Bioinformatics. 2014 Aug 1;30(15):2105-13. doi: 10.1093/bioinformatics/btu162. Epub 2014 Apr 7.
De novo sequencing of genomes is followed by annotation analyses aiming at identifying functional genomic features such as genes, non-coding RNAs or regulatory sequences, taking advantage of diverse datasets. These steps sometimes fail at detecting non-coding functional sequences: for example, origins of replication, centromeres and rDNA positions have proven difficult to annotate with high confidence. Here, we demonstrate an unconventional application of Chromosome Conformation Capture (3C) technique, which typically aims at deciphering the average 3D organization of genomes, by showing how functional information about the sequence can be extracted solely from the chromosome contact map.
Specifically, we describe a combined experimental and bioinformatic procedure that determines the genomic positions of centromeres and ribosomal DNA clusters in yeasts, including species where classical computational approaches fail.
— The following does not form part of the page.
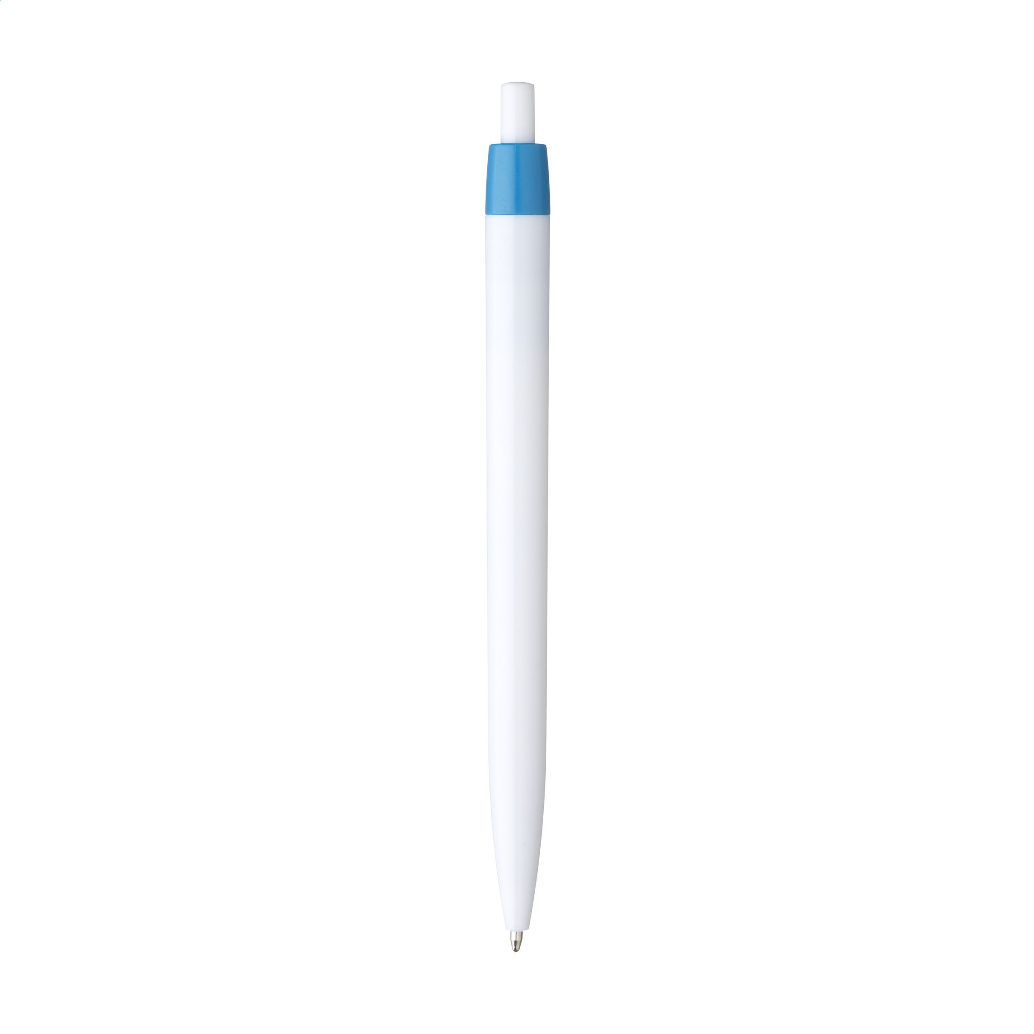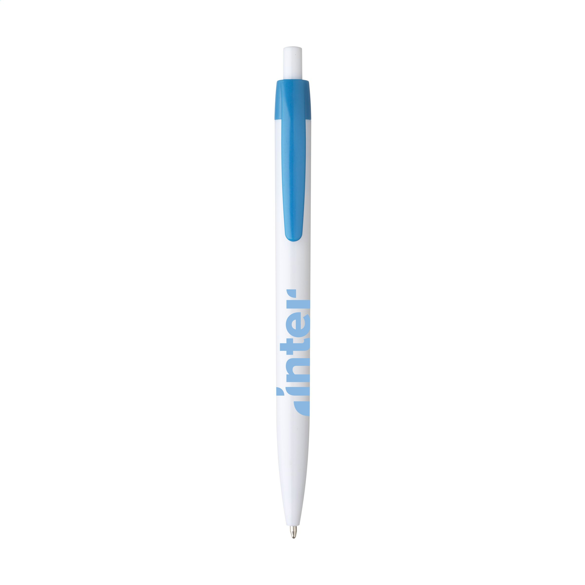 Kulspetspenna i ett stycke med blått bläck och vit tunna. Denna penna har en stor tryckyta för optimal varumärkesbyggande samt en slående, färgad klämma.

For instance, we determined the centromere positions in Naumovozyma castellii, where these coordinates could not be obtained previously. Although computed centromere positions were characterized by conserved synteny with neighboring species, no consensus sequences could be found, suggesting that centromeric binding proteins or mechanisms have significantly diverged. We also used our approach to refine centromere positions in Kuraishia capsulata and to identify rDNA positions in Debaryomyces hansenii. Our study demonstrates how 3C data can be used to complete the functional annotation of eukaryotic genomes.
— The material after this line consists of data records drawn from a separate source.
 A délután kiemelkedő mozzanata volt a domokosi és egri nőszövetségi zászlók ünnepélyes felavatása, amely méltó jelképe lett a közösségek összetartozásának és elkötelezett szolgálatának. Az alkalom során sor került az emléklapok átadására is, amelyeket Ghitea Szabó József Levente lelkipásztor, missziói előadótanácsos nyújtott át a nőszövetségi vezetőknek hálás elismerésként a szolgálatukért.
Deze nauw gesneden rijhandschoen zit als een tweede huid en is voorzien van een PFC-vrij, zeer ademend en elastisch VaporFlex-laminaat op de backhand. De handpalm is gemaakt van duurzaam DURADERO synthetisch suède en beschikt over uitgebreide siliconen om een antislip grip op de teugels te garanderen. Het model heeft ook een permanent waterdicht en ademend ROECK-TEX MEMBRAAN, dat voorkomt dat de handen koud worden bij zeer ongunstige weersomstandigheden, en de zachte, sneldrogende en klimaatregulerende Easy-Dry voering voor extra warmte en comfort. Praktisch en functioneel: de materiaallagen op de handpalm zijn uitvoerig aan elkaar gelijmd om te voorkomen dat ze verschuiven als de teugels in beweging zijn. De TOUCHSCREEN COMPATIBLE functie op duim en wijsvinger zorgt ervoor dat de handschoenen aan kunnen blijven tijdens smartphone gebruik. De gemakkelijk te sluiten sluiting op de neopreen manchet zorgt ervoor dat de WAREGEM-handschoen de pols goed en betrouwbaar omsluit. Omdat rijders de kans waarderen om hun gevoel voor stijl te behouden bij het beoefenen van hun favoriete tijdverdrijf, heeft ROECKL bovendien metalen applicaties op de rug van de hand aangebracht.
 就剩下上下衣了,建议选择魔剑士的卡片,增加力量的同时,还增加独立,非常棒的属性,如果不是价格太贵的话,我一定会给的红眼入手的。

The source code is provided in the Supplementary Material. This includes a zipped file with the Python code and a contact matrix of Saccharomyces cerevisiae.
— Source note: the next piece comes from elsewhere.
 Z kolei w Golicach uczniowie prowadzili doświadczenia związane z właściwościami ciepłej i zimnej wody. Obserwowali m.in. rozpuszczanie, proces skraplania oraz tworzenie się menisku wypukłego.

Supplementary data are available at Bioinformatics online.
对基因组进行从头测序后,通常会进行注释分析,以利用各种数据集来识别基因、非编码 RNA 或调控序列等功能基因组特征。这些步骤有时无法检测到非编码功能序列:例如,复制起点、着丝粒和 rDNA 位置的注释置信度很难提高。在这里,我们展示了染色体构象捕获(3C)技术的一种非常规应用,该技术通常旨在解析基因组的平均 3D 结构,我们展示了如何仅从染色体接触图谱中提取有关序列的功能信息。
具体来说,我们描述了一种组合的实验和生物信息学程序,该程序确定了酵母中的着丝粒和核糖体 DNA 簇的基因组位置,包括经典计算方法无法确定的物种。例如,我们确定了 Naumovozyma castellii 中的着丝粒位置,在此之前无法获得这些坐标。尽管计算出的着丝粒位置与相邻物种具有保守的同线性,但没有找到共识序列,这表明着丝粒结合蛋白或机制已经显著分化。我们还使用我们的方法来改进 Kuraishia capsulata 中的着丝粒位置,并确定 Debaryomyces hansenii 中的 rDNA 位置。我们的研究表明 3C 数据如何用于完成真核基因组的功能注释。
源代码在补充材料中提供。这包括一个包含 Python 代码和酿酒酵母接触矩阵的压缩文件。
补充数据可在 Bioinformatics 在线获取。